Workshop: Your JPEG Is Showing
Your JPEG Is Showing is a three-session writing workshop led by artist Jelsen Lee Innocent, exploring what images reveal beyond what they intend. Open to all, no writing or photography background required, the workshop examines how visual culture extracts consent, attention, and complicity from viewers, often without their awareness.
Participants will collectively engage with images, still and moving, to confront their interpretations of society and their place within it. Together they will explore, scan, speak, look, and write to practice what Nicholas Mirzoeff calls counter-visuality (The Right to Look, 2011): a refusal of the dominant visual order. Drawing on writers including bell hooks, W.J.T. Mitchell, and Christina Sharpe, the workshop treats writing not as a craft to perform but as a tool to re-orient what an image does, what it hides, and what it asks of us.
Your JPEG Is Showing is part of Scaffolding, a series of critical writing workshops hosted by artists and writers that explore conceptual, ethical, and political questions in relation to image-making and cultural practice. The series is part of Fotogalleriet’s broader public programme, committed to building sustained spaces for thinking with and through images.
This workshop is free, and intentionally small, limited to 10 participants to allow for close, collective engagement. Please secure your place early.
Session 1: LOOKING AT
Date: Saturday, 5 Sept
Time: 11:00 to 14:00 (includes 30-minute lunch break)

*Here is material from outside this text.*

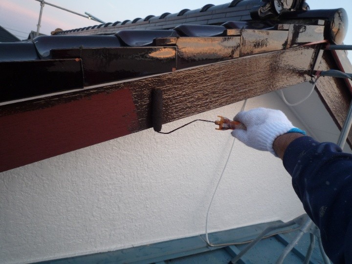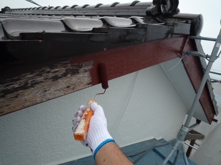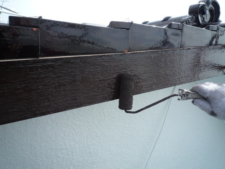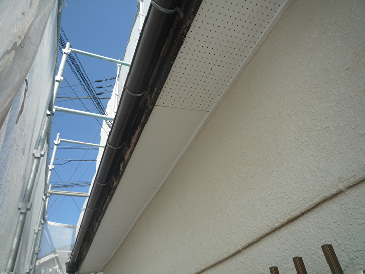 軒天の塗装においては、軒天専用塗料ともいえる『ビルディック』を使用し、二回以上の塗装工程を経て丁寧に仕上げてまいります。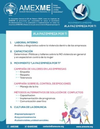 También explicó que el trabajo de la asociación no se quedará en una resistencia pasiva conformada por el movimiento #UnDíaSinNosotras, que también es muy importante, sino que además se propuso y se aceptó en la reciente Asamblea Nacional una participación completa contra la violencia de género. “Haremos un movimiento que incluirá a todas las empresas AMEXME afiliadas en el país y se llama “La Paz Empieza Por Ti”, que consta de puntos como: Laboral interno, para diagnosticar la violencia en los hogares, ya que nuestra casa es nuestra empresa y debemos interesarnos en cómo viven nuestras empleadas. El segundo punto se encauzará de acuerdo con el diagnóstico y es Capacitación para todo el personal, con talleres sobre la no violencia contra la mujer. Además trabajaremos en el impulso de valores como empatía, respeto y tolerancia, que consideramos fundamentales para erradicar la violencia de género, con diversas capacitaciones y estrategias”.

The workshop opens with an undirected walkthrough of Crystal Bennes’s The Island, The Mine, The Resistance Gardens at Fotogalleriet, followed by the cohort’s first conversation. Drawing on W.J.T. Mitchell’s question of what pictures want from us, the session establishes the workshop’s premise: images are not neutral, and looking is not passive. Short writing exercises invite participants to put first words to what they have seen, beginning the shared vocabulary that will carry across all three sessions.
Session 2: LOOKING WITH
Date: Saturday, 19 Sept
Time: 11:00 to 14:00 (includes 30-minute lunch break)
The cohort works with the contested images they have brought. Drawing on bell hooks’s oppositional gaze, the session moves from describing what images do to articulating where viewers stand in relation to them. The scanner enters the workshop here: each participant scans an object, a fragment, or a response to their contested image, using the slowness of the machine to surface what fast looking misses. Writing exercises asks participants to name not only what they see but where they stand.
Session 3: LOOKING AFTER
Date: Saturday, 26 Sept
Time: 11:00 to 14:00 (includes 30-minute lunch break)
The cohort gathers the images they encountered between sessions and responds to them collectively, without rehearsal. Drawing on Christina Sharpe’s wake work, the session attends what images leave behind: their afterlife, their effects, their demands on those who come after. Writing exercises invite participants to compose in the wake of the image: what trails behind it, what it makes the viewer carry. The session closes with a read-around drawing on the cohort’s writing across all three Saturdays, and a final addition to the shared vocabulary.
Jelsen Lee Innocent (b. 1983, NYC) is a Haitian-American interdisciplinary artist based in Norway. His research and studio practice examine the lasting impacts of imperialism across social hierarchies, built environments, and visual culture. Integrating intellectual history, installation-making, and participatory initiatives, his work surfaces narratives that challenge hegemonic structures and open space for alternative imaginaries.
Innocent founded the discursive platform Peer Review (est. 2024) for cultural analysis across Black visual culture. Since its establishment, Peer Review members gather for monthly in-person meetings at Atelier Kunstnerforbundet and field trips that host a space to respond and reflect on Black expressions in art, media, and popular culture.
He has exhibited internationally, including at Iwalewahaus (Germany), the 32nd Biennial of Graphic Arts (Slovenia), Culture Art Society (Denmark), the Smithsonian’s Men of Change traveling exhibition (US), Kunsthall Trondheim (Norway), and Nitja Senter for Samtidskunst (Norway).